* _WORK INSTRUCTION_:
The data below should be transcribed in full, with no picture included.

* _DATA BELOW_:

►

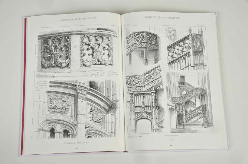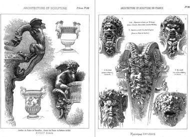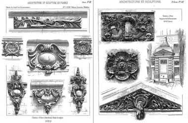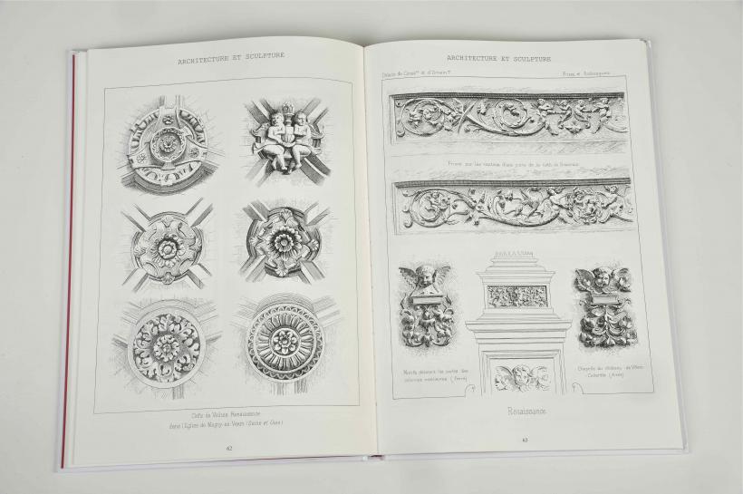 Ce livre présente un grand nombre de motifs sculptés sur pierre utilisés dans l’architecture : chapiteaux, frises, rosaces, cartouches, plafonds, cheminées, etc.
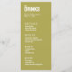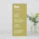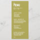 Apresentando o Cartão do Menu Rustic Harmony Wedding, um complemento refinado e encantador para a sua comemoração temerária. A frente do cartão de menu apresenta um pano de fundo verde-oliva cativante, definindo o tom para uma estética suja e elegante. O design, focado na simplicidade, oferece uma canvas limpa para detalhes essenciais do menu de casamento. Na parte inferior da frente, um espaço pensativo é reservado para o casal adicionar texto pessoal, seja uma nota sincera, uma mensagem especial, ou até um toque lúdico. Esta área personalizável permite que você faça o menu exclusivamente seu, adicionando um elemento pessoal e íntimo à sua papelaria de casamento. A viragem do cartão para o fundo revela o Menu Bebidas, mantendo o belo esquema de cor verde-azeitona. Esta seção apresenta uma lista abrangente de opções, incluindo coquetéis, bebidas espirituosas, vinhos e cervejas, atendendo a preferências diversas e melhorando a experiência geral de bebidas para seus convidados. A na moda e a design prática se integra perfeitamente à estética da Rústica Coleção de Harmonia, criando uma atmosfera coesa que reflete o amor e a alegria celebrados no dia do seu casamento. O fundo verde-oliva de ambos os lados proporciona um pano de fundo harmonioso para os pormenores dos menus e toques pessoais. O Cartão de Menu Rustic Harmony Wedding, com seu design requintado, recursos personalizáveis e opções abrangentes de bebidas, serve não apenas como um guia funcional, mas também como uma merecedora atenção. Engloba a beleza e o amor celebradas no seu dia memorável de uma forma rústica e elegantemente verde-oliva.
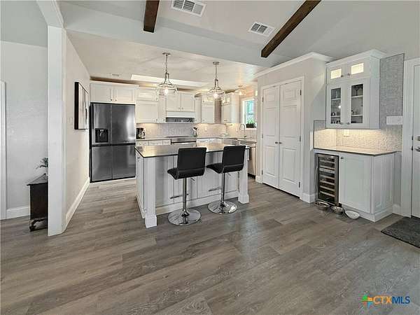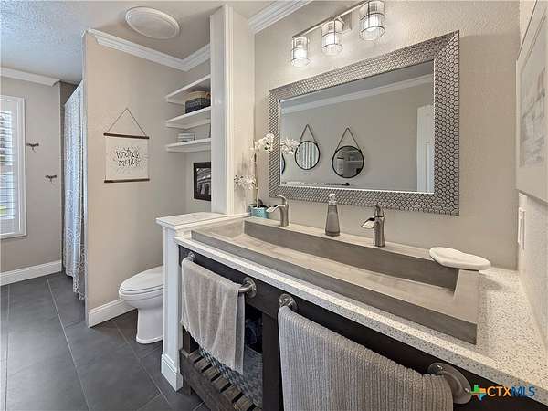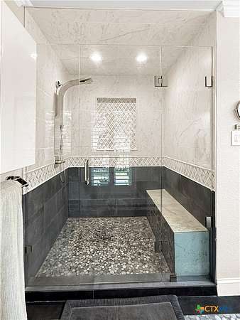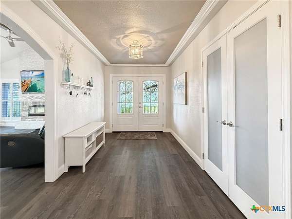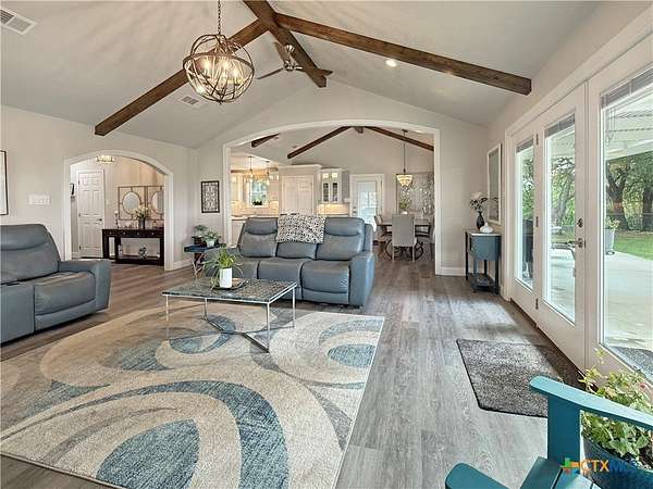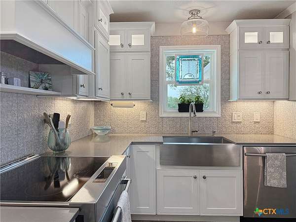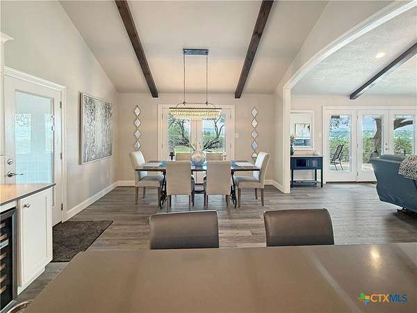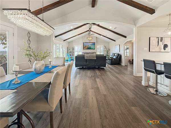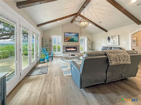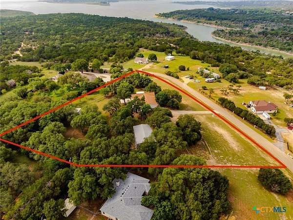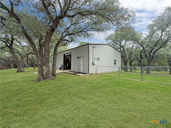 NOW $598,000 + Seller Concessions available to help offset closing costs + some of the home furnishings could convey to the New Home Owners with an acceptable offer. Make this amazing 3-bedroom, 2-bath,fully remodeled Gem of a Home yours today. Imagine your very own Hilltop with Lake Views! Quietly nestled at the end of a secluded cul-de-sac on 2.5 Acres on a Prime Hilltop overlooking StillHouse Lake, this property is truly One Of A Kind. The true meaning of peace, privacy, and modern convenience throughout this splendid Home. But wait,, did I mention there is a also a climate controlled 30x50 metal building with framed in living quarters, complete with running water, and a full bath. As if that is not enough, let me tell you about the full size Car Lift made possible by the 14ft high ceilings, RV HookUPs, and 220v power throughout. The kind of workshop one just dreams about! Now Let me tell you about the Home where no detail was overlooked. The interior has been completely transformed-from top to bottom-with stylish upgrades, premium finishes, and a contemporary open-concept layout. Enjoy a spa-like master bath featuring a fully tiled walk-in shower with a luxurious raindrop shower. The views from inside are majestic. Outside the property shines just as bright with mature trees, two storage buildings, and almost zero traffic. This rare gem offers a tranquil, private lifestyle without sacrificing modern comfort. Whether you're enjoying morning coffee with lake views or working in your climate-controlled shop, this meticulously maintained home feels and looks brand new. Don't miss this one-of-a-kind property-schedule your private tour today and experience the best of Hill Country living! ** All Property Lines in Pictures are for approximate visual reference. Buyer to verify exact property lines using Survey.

◄

* _RESULT_:
 Ce livre présente un grand nombre de motifs sculptés sur pierre utilisés dans l’architecture : chapiteaux, frises, rosaces, cartouches, plafonds, cheminées, etc.
 Apresentando o Cartão do Menu Rustic Harmony Wedding, um complemento refinado e encantador para a sua comemoração temerária. A frente do cartão de menu apresenta um pano de fundo verde-oliva cativante, definindo o tom para uma estética suja e elegante. O design, focado na simplicidade, oferece uma canvas limpa para detalhes essenciais do menu de casamento. Na parte inferior da frente, um espaço pensativo é reservado para o casal adicionar texto pessoal, seja uma nota sincera, uma mensagem especial, ou até um toque lúdico. Esta área personalizável permite que você faça o menu exclusivamente seu, adicionando um elemento pessoal e íntimo à sua papelaria de casamento. A viragem do cartão para o fundo revela o Menu Bebidas, mantendo o belo esquema de cor verde-azeitona. Esta seção apresenta uma lista abrangente de opções, incluindo coquetéis, bebidas espirituosas, vinhos e cervejas, atendendo a preferências diversas e melhorando a experiência geral de bebidas para seus convidados. A na moda e a design prática se integra perfeitamente à estética da Rústica Coleção de Harmonia, criando uma atmosfera coesa que reflete o amor e a alegria celebrados no dia do seu casamento. O fundo verde-oliva de ambos os lados proporciona um pano de fundo harmonioso para os pormenores dos menus e toques pessoais. O Cartão de Menu Rustic Harmony Wedding, com seu design requintado, recursos personalizáveis e opções abrangentes de bebidas, serve não apenas como um guia funcional, mas também como uma merecedora atenção. Engloba a beleza e o amor celebradas no seu dia memorável de uma forma rústica e elegantemente verde-oliva.
 NOW $598,000 + Seller Concessions available to help offset closing costs + some of the home furnishings could convey to the New Home Owners with an acceptable offer. Make this amazing 3-bedroom, 2-bath,fully remodeled Gem of a Home yours today. Imagine your very own Hilltop with Lake Views! Quietly nestled at the end of a secluded cul-de-sac on 2.5 Acres on a Prime Hilltop overlooking StillHouse Lake, this property is truly One Of A Kind. The true meaning of peace, privacy, and modern convenience throughout this splendid Home. But wait,, did I mention there is a also a climate controlled 30x50 metal building with framed in living quarters, complete with running water, and a full bath. As if that is not enough, let me tell you about the full size Car Lift made possible by the 14ft high ceilings, RV HookUPs, and 220v power throughout. The kind of workshop one just dreams about! Now Let me tell you about the Home where no detail was overlooked. The interior has been completely transformed-from top to bottom-with stylish upgrades, premium finishes, and a contemporary open-concept layout. Enjoy a spa-like master bath featuring a fully tiled walk-in shower with a luxurious raindrop shower. The views from inside are majestic. Outside the property shines just as bright with mature trees, two storage buildings, and almost zero traffic. This rare gem offers a tranquil, private lifestyle without sacrificing modern comfort. Whether you're enjoying morning coffee with lake views or working in your climate-controlled shop, this meticulously maintained home feels and looks brand new. Don't miss this one-of-a-kind property-schedule your private tour today and experience the best of Hill Country living! ** All Property Lines in Pictures are for approximate visual reference. Buyer to verify exact property lines using Survey.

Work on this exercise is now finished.